[Data entries]
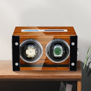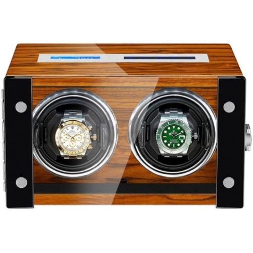 Acest watch winder este un cadou practic si cu stil destinat colectionarilor de ceasuri automatice. Cutia este realizata din lemn de pin de inalta calitate si este prevazuta cu un geam exterior cu dublu rol, acela de a proteja ceasurile aflate pe rotoare, dar si de a-i permite destinatarului sa-si admire ceasurile pe cele doua rotoare.
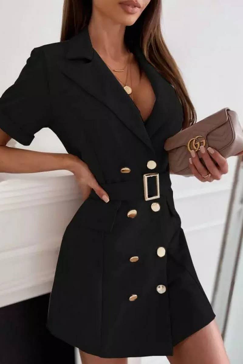 DOUBLE BREASTED BELTED SUIT COLLAR DRESS
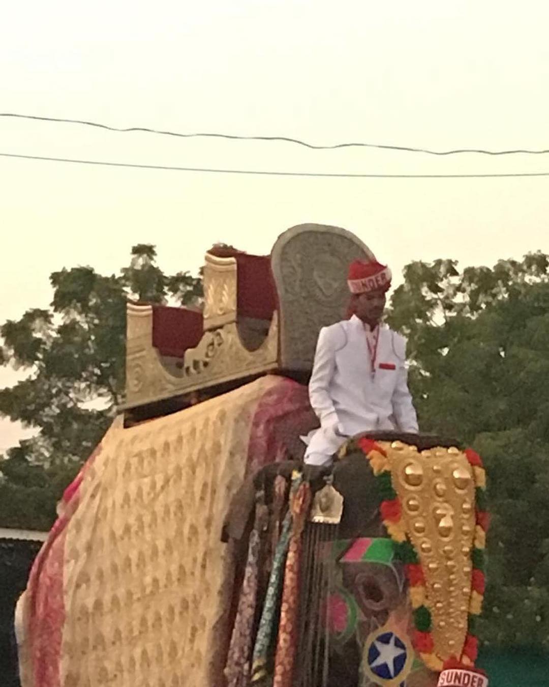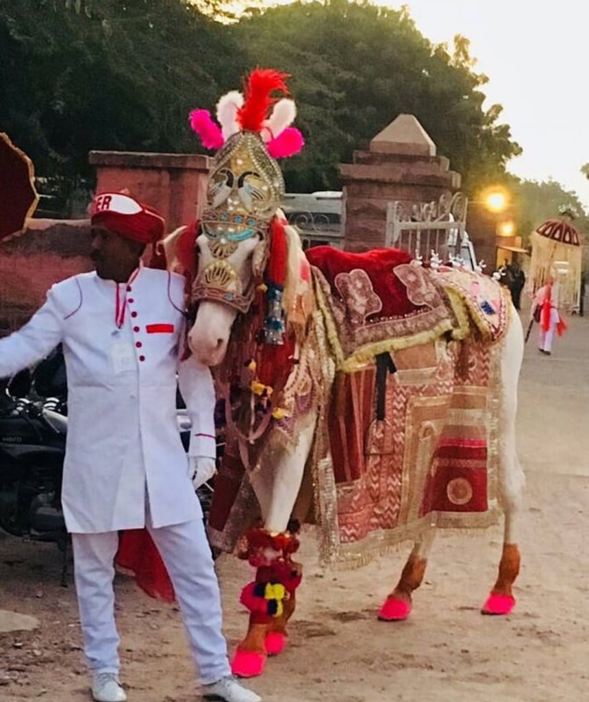 घुड़चढ़ी के लिए घोड़ी को तैयार करने की तस्वीरें रविवार को सोशल मीडिया में सर्कुलेट हो रही थीं। नीचे वाली तस्वीर में सजी हुई घोड़ी और इसके हैंडलर को देखा जा सकता है। इसी तस्वीर में अगर ग़ौर करें तो एक कर्मचारी छत्र ले जाता हुआ दिखाई दे रहा है। यह छत्र घोड़ी पर सवार दूल्हे के पीछे लगा रहता है।
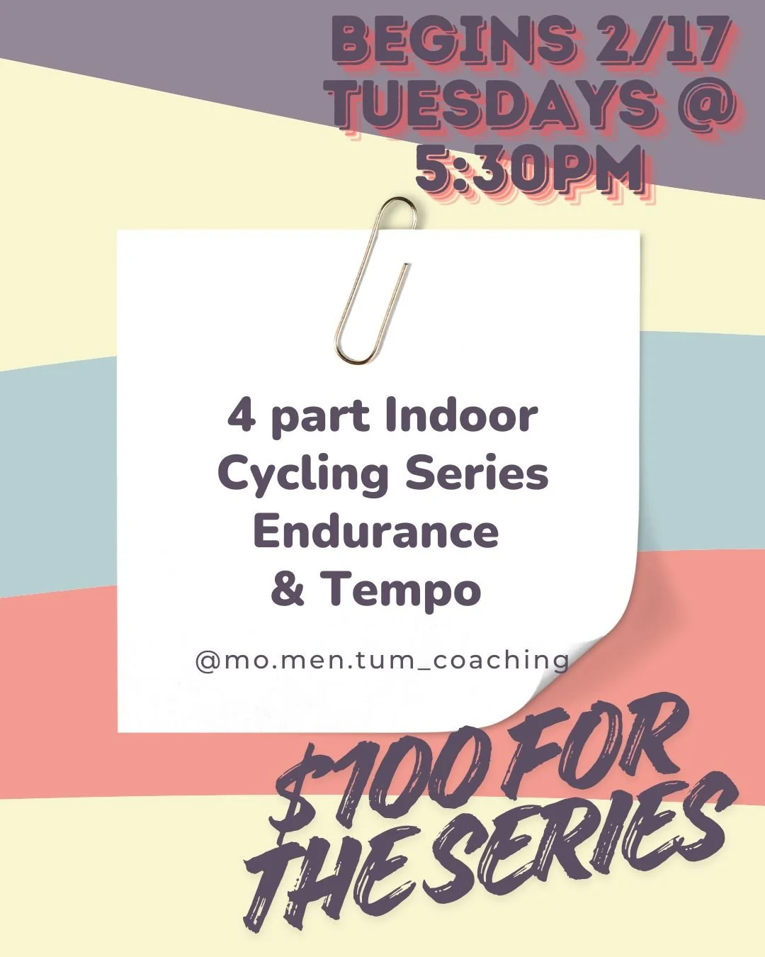 Join us for our next series of Indoor Classes! All 4 classes - $100. Bring your bike, towel and water and we provide the rest! Here is the link to sign up: https://square.link/u/kIxJ0BBr
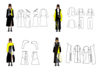 本次设计灵感来源于拼贴设计,在时代和社会的发展下,拼接设计在服装设计中由最开始的延长服装使用寿命逐渐转变成艺术内涵,将给人们带来最新的视觉体验和享受,创作阶段所使用技巧的特征在于从整体上审视它是全新的,将这些原有的不同部分尽量巧妙地整合在一个使其

### Problem:
Only the text of the records above, copied exactly, should be returned; the pictures stay out.

### Task response:
 Acest watch winder este un cadou practic si cu stil destinat colectionarilor de ceasuri automatice. Cutia este realizata din lemn de pin de inalta calitate si este prevazuta cu un geam exterior cu dublu rol, acela de a proteja ceasurile aflate pe rotoare, dar si de a-i permite destinatarului sa-si admire ceasurile pe cele doua rotoare.
 DOUBLE BREASTED BELTED SUIT COLLAR DRESS
 घुड़चढ़ी के लिए घोड़ी को तैयार करने की तस्वीरें रविवार को सोशल मीडिया में सर्कुलेट हो रही थीं। नीचे वाली तस्वीर में सजी हुई घोड़ी और इसके हैंडलर को देखा जा सकता है। इसी तस्वीर में अगर ग़ौर करें तो एक कर्मचारी छत्र ले जाता हुआ दिखाई दे रहा है। यह छत्र घोड़ी पर सवार दूल्हे के पीछे लगा रहता है।
 Join us for our next series of Indoor Classes! All 4 classes - $100. Bring your bike, towel and water and we provide the rest! Here is the link to sign up: https://square.link/u/kIxJ0BBr
 本次设计灵感来源于拼贴设计,在时代和社会的发展下,拼接设计在服装设计中由最开始的延长服装使用寿命逐渐转变成艺术内涵,将给人们带来最新的视觉体验和享受,创作阶段所使用技巧的特征在于从整体上审视它是全新的,将这些原有的不同部分尽量巧妙地整合在一个使其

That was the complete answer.